White House press secretary Karine Jean-Pierre told reporters last week that the Biden administration is already asking embassies worldwide to help during the shortage. Importantly, she said the FDA will now allow foreign companies to apply to supply baby formula to the U.S. market, but only with approval subject to the drug regulator’s safety standards. It was not clear how long the approval process will take.

Lincicome writes the FDA has kept safe and commonly-used European baby formula produced in the Netherlands, France, Ireland, and Germany from reaching the U.S. over a labeling issue. Many American parents prefer the European formula, and this has created a black market for baby food.

“Yet, when parents here have tried to import European formula, it’s been routinely subject to seizure by the FDA. In fact, formula made by two of the most popular European brands—HiPP and Holle—is on the FDA’s red list and thus only arrives here via unofficial, third party channels,” according to Lincicome.

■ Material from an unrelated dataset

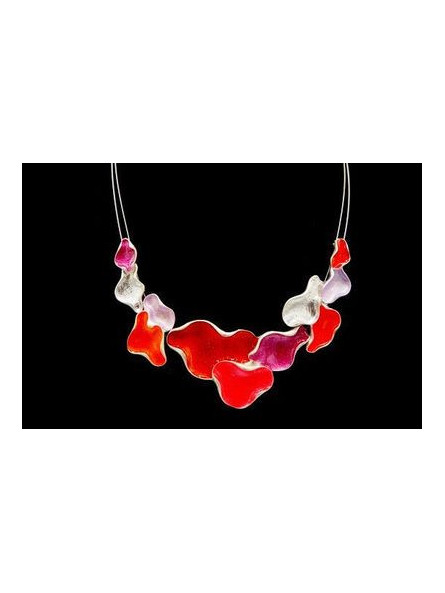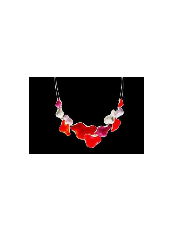 Collier IKITA nuages émail camaieu rouge cables
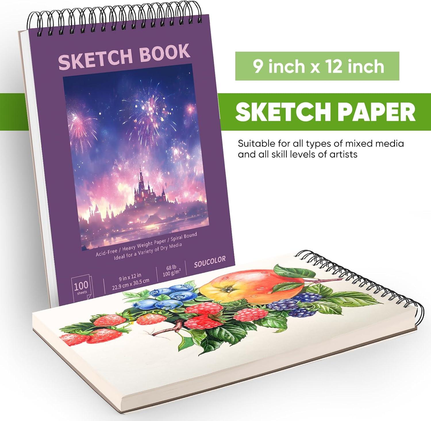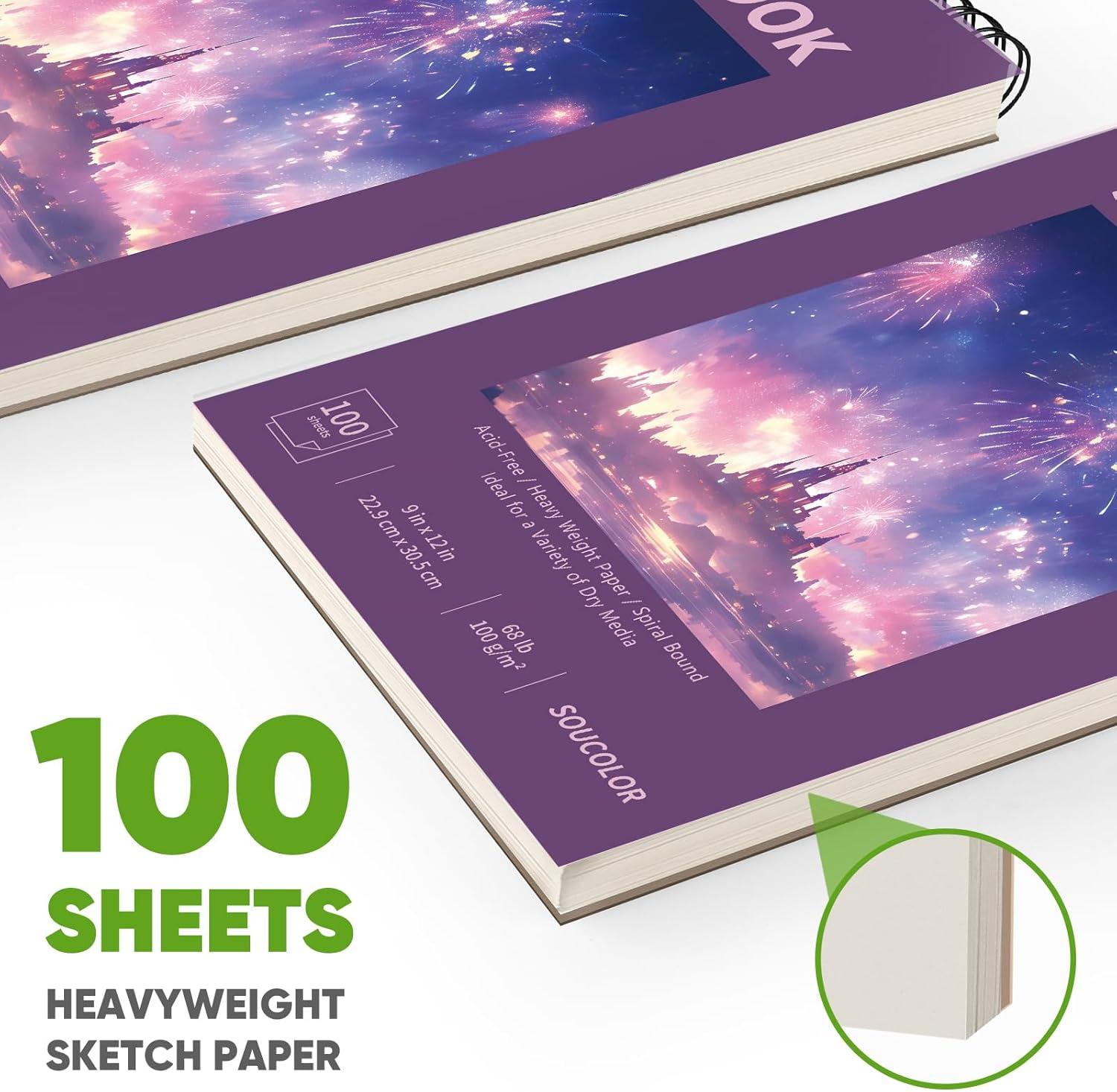 Soucolor 9"x12" Sketch Book for Women Teens Girls Sketch Book, 100 Sheets (68lb/100gsm) Drawing Paper for Kids, Art Supplies for Girls Ages 8-12, Beginners, and Adults, 1-Pack Cute Purple

More than half of the baby formula bought in the U.S. is bought by the government for the Special Supplemental Nutrition Program for Women, Infants, and Children program, also known as WIC. Through WIC, manufacturers sell their products to state governments at steep discounts, and the formula is essentially resold to poor families.

That has resulted in companies being untouched by the regular laws of supply and demand. Prices have continued to go up over the rate of inflation, and the market is not sensitive to changes that would normally trigger more production.

Dr. Erik Shessler, a pediatrician at Dartmouth Health Children’s and president of the New Hampshire chapter of the American Academy of Pediatrics, said families should not panic. So far, New Hampshire parents can still find formula even if they must scramble.

“I am not aware of any local emergencies,” he said.

Shessler said most infants can switch between baby formula brands without too much trouble.

“Most formula companies have the same options for classes or kinds of formulas. For example, most have a regular cow milk-based as well as a cow milk-based but lactose-free and soy formula. Most infants will be able to switch between companies as long as we stay in the same class or kind,” he said.

Families that are having trouble finding what they need should contact their healthcare provider and pediatrician, he said.